— WORK ORDER —
Would you transcribe the entries below, beginning at the line with "스프링 컨테이너 내에서" and ending after the line with "Featuring a unique", exactly, with no picture and nothing more?

— INPUT RECORDS —
----------------------------------------

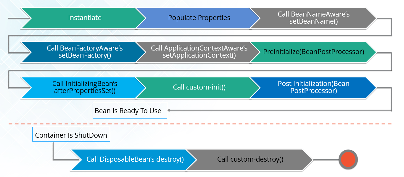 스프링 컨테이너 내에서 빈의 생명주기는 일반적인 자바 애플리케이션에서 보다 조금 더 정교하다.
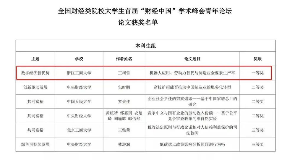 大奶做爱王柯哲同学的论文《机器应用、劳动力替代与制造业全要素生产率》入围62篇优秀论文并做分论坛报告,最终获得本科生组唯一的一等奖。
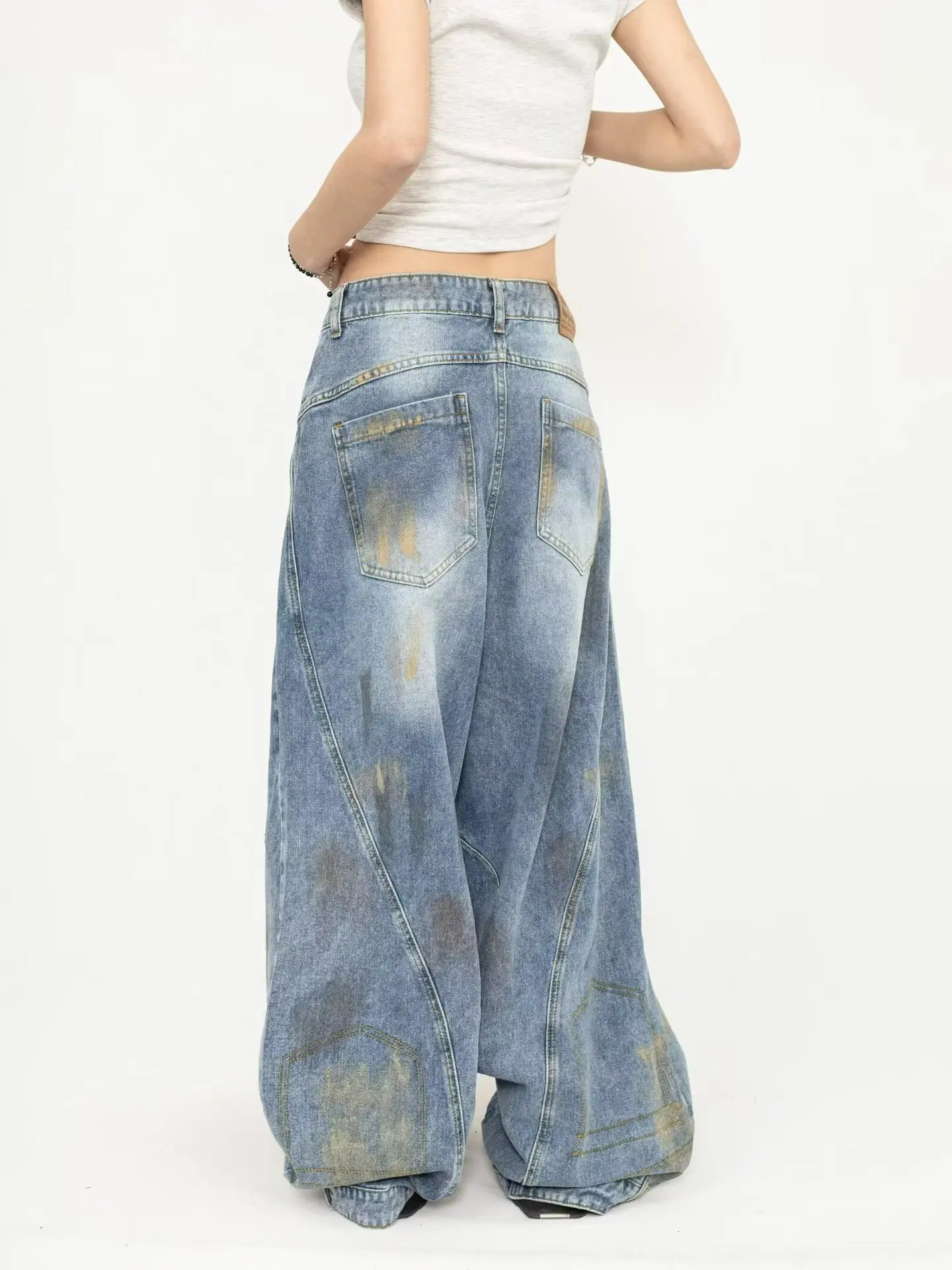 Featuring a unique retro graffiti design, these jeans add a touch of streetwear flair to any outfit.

----------------------------------------

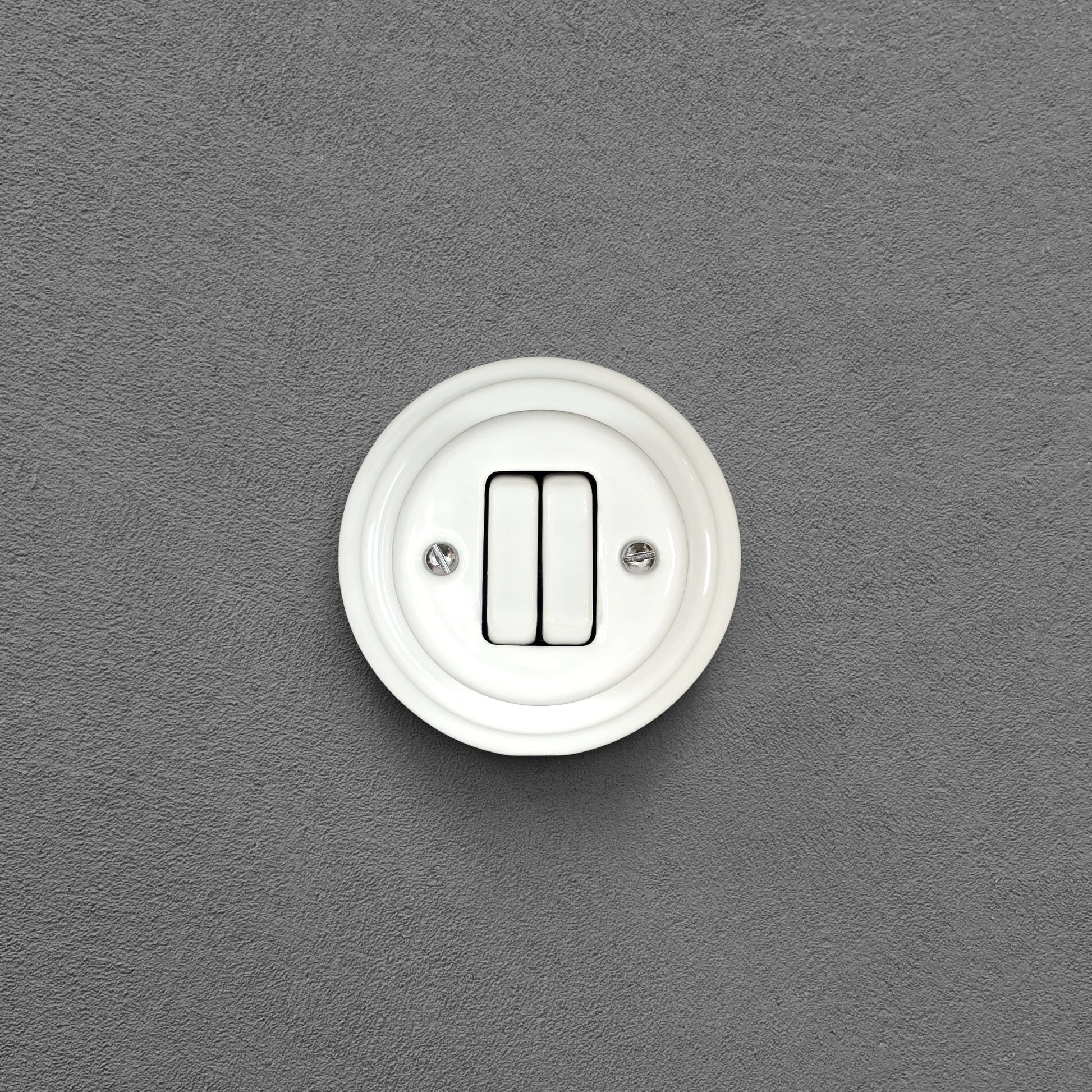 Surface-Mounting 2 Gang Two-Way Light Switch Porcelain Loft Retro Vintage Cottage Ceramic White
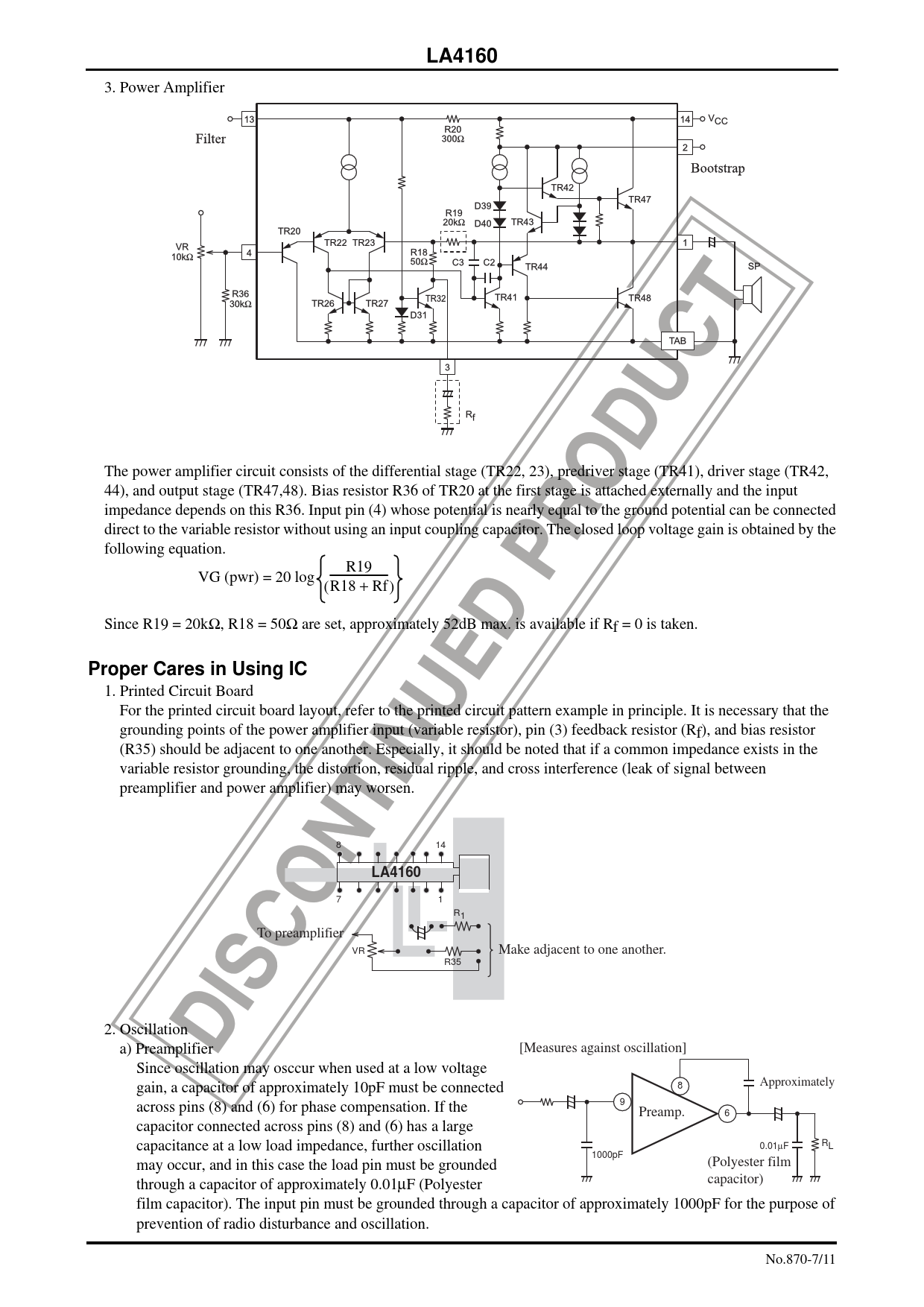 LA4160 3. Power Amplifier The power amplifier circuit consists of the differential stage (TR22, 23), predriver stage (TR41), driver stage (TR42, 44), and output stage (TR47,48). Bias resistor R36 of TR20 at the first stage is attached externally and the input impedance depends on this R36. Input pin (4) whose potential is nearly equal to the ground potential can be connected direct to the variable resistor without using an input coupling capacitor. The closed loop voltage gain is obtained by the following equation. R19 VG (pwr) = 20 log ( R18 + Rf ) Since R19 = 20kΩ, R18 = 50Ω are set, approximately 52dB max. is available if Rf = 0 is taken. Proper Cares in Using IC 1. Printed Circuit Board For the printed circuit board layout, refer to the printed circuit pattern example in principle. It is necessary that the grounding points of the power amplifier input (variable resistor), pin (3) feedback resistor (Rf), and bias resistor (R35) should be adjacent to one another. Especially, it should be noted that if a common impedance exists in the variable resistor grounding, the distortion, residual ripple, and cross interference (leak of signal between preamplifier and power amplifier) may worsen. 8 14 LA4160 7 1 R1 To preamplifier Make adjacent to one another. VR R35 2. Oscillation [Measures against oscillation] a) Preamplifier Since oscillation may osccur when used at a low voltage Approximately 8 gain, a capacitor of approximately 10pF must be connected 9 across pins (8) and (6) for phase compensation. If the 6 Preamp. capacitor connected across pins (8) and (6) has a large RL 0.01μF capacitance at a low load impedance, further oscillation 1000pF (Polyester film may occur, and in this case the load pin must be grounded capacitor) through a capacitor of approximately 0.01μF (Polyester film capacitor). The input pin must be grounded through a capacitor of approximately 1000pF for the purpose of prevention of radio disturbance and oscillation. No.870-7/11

----------------------------------------

— RESPONSE TO THIS TASK —
 스프링 컨테이너 내에서 빈의 생명주기는 일반적인 자바 애플리케이션에서 보다 조금 더 정교하다.
 大奶做爱王柯哲同学的论文《机器应用、劳动力替代与制造业全要素生产率》入围62篇优秀论文并做分论坛报告,最终获得本科生组唯一的一等奖。
 Featuring a unique retro graffiti design, these jeans add a touch of streetwear flair to any outfit.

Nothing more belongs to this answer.